● WORK REQUEST:
In the data below, find the line containing "Мероприятие состоялось 9" and the line containing "Blue Chinoiserie Toile", then reproduce them and every line between, exactly. Omit pictures.

● DATA TO EXAMINE:
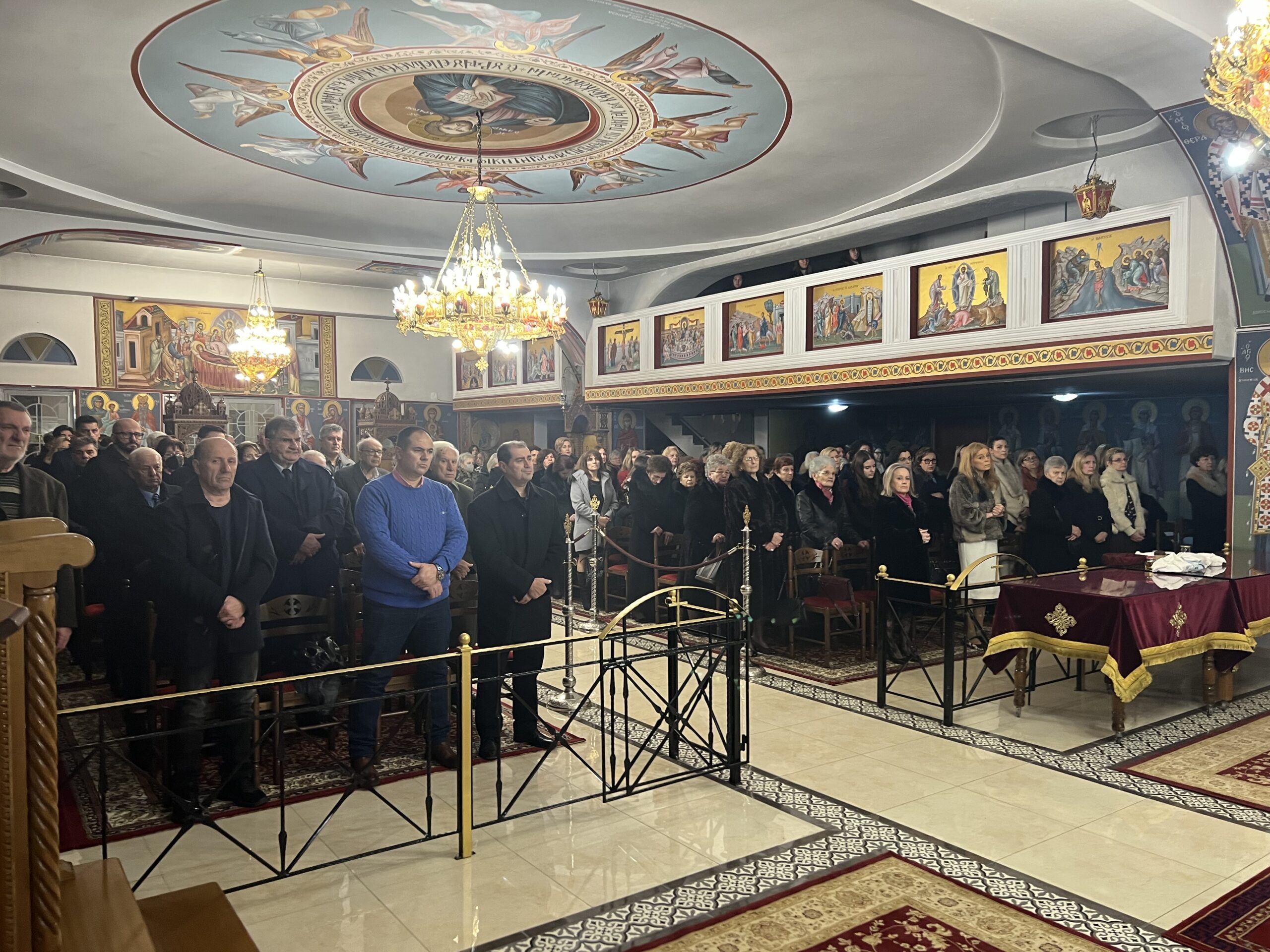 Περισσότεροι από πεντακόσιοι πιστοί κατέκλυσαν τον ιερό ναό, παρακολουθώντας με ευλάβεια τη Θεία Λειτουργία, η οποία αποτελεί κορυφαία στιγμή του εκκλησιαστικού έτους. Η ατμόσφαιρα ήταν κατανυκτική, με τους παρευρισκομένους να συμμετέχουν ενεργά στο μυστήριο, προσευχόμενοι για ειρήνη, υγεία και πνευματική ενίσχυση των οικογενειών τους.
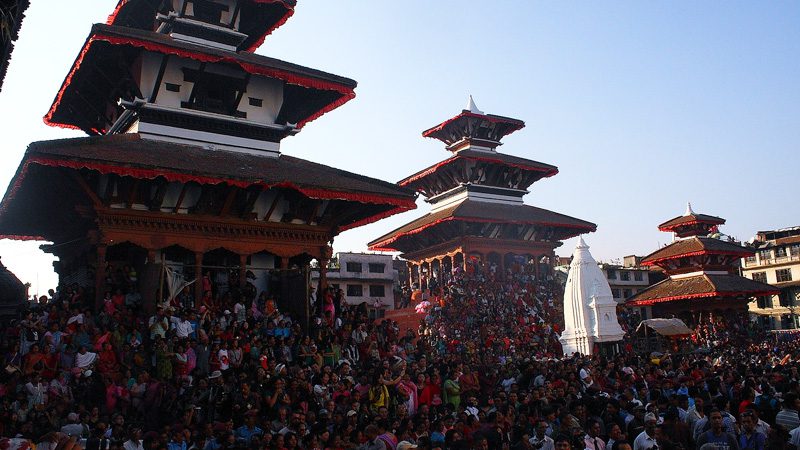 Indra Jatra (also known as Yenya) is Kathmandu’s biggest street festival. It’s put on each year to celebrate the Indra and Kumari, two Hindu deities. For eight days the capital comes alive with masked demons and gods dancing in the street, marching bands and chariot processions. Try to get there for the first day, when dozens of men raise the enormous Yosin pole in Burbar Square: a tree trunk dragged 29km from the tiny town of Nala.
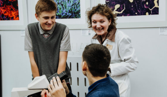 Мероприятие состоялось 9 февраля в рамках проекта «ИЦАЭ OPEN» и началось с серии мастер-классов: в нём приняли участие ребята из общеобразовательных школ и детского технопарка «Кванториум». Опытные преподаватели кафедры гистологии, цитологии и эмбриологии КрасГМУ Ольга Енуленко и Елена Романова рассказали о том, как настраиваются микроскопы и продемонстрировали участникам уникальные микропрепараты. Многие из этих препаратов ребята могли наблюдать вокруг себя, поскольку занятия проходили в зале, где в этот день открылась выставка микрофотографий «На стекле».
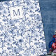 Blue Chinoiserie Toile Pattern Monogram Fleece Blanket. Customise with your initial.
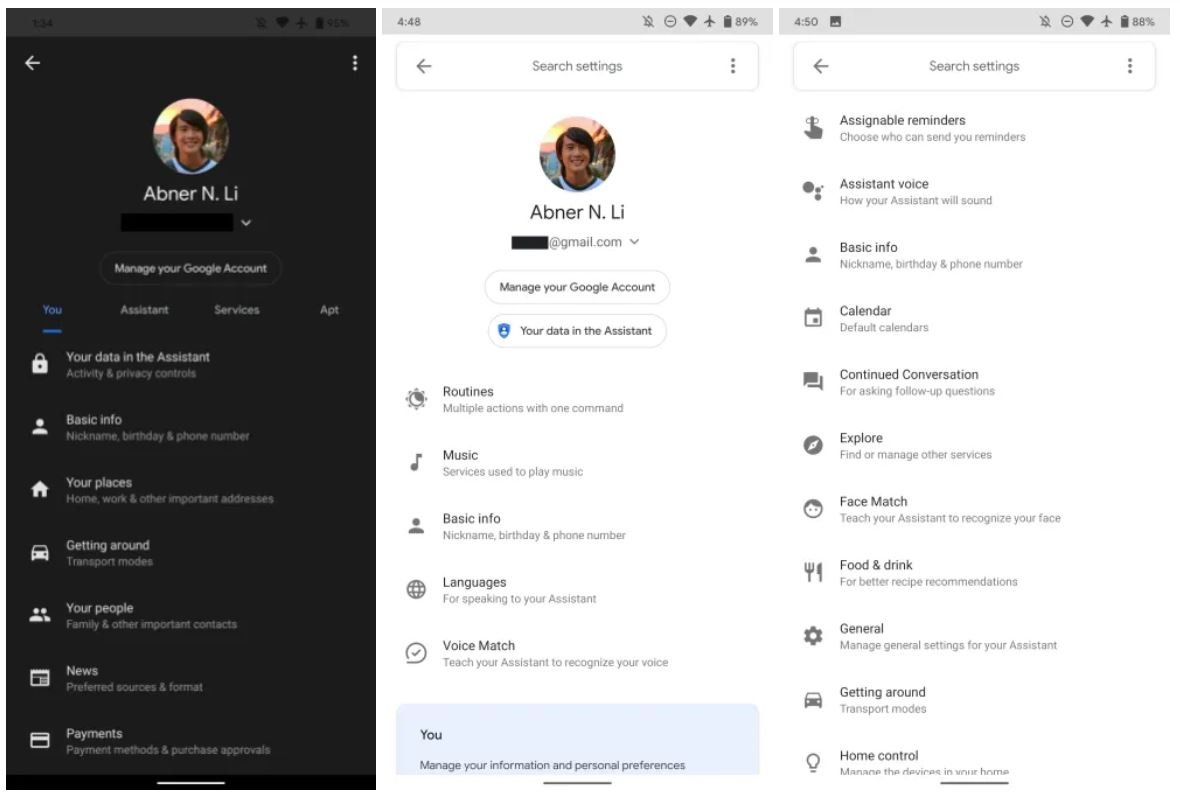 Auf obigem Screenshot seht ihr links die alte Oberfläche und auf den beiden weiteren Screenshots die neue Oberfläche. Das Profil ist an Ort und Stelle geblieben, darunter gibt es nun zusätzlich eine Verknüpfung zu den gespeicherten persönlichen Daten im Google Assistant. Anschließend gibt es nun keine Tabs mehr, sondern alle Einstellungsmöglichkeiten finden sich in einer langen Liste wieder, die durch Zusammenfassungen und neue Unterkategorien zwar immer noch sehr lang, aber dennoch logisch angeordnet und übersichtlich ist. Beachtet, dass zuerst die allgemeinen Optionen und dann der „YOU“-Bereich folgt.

● EXPECTED ANSWER:
 Мероприятие состоялось 9 февраля в рамках проекта «ИЦАЭ OPEN» и началось с серии мастер-классов: в нём приняли участие ребята из общеобразовательных школ и детского технопарка «Кванториум». Опытные преподаватели кафедры гистологии, цитологии и эмбриологии КрасГМУ Ольга Енуленко и Елена Романова рассказали о том, как настраиваются микроскопы и продемонстрировали участникам уникальные микропрепараты. Многие из этих препаратов ребята могли наблюдать вокруг себя, поскольку занятия проходили в зале, где в этот день открылась выставка микрофотографий «На стекле».
 Blue Chinoiserie Toile Pattern Monogram Fleece Blanket. Customise with your initial.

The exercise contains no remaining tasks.